Reproduce the entries below exactly, but only from the line containing "Rada Ocean Heart" to the line containing "The HDMI KVM", inclusive.

Data shown
· · · ·

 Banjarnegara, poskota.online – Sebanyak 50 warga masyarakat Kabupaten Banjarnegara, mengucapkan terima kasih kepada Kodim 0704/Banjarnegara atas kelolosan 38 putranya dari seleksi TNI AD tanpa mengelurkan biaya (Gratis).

· · · ·

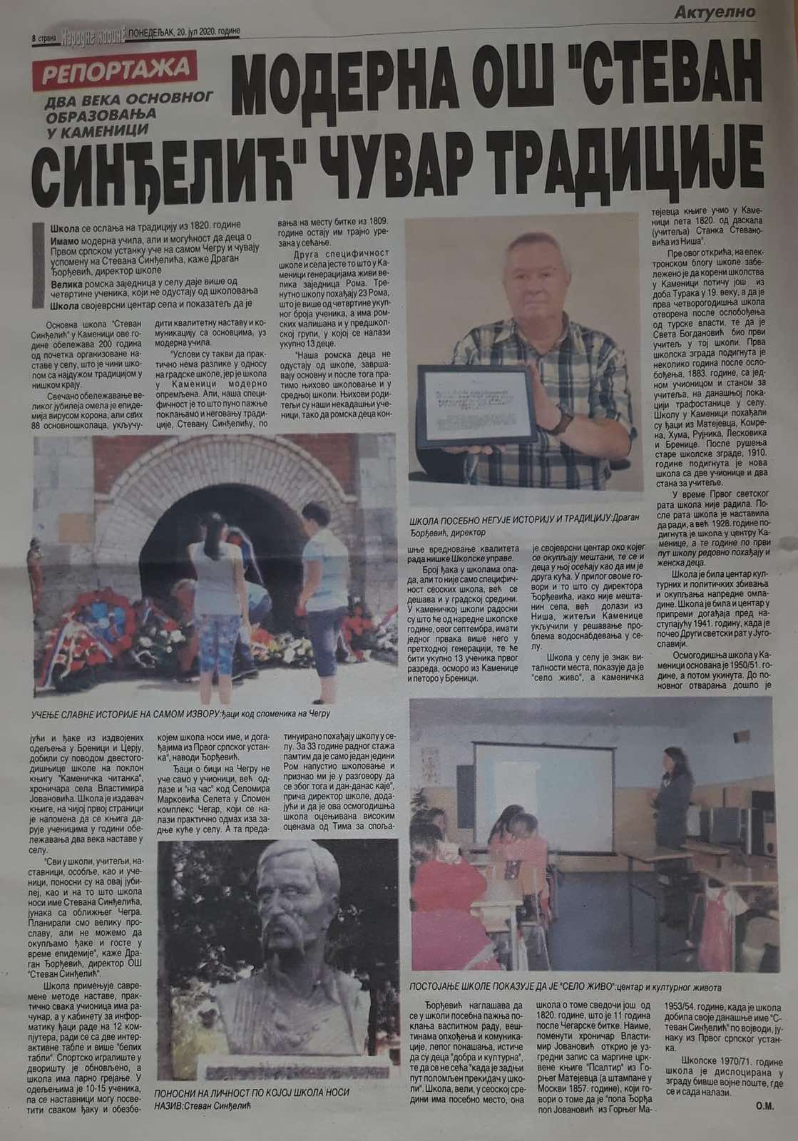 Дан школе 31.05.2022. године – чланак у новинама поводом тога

· · · ·

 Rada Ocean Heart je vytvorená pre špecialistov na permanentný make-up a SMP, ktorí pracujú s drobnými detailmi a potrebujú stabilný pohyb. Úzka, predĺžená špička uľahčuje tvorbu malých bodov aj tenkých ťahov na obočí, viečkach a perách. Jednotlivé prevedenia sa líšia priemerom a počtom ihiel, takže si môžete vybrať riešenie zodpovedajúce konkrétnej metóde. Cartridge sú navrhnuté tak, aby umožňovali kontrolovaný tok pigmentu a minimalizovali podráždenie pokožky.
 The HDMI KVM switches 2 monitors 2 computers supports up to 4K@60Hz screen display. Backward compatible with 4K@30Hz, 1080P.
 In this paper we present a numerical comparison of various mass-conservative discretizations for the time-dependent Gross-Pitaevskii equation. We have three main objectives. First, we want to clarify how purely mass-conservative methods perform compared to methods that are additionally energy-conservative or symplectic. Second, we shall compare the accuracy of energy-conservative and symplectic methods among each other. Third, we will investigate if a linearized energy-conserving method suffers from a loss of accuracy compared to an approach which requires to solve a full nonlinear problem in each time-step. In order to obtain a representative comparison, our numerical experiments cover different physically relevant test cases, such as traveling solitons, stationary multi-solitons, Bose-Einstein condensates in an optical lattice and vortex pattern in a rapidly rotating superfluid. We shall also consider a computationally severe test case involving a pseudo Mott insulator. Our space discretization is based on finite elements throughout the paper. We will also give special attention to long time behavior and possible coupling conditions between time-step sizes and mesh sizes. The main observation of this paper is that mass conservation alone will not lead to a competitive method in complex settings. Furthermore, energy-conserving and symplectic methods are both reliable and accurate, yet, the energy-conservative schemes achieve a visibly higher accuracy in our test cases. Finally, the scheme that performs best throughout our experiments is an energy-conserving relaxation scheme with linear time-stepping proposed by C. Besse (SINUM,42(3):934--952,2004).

· · · ·

Exercise output
 Rada Ocean Heart je vytvorená pre špecialistov na permanentný make-up a SMP, ktorí pracujú s drobnými detailmi a potrebujú stabilný pohyb. Úzka, predĺžená špička uľahčuje tvorbu malých bodov aj tenkých ťahov na obočí, viečkach a perách. Jednotlivé prevedenia sa líšia priemerom a počtom ihiel, takže si môžete vybrať riešenie zodpovedajúce konkrétnej metóde. Cartridge sú navrhnuté tak, aby umožňovali kontrolovaný tok pigmentu a minimalizovali podráždenie pokožky.
 The HDMI KVM switches 2 monitors 2 computers supports up to 4K@60Hz screen display. Backward compatible with 4K@30Hz, 1080P.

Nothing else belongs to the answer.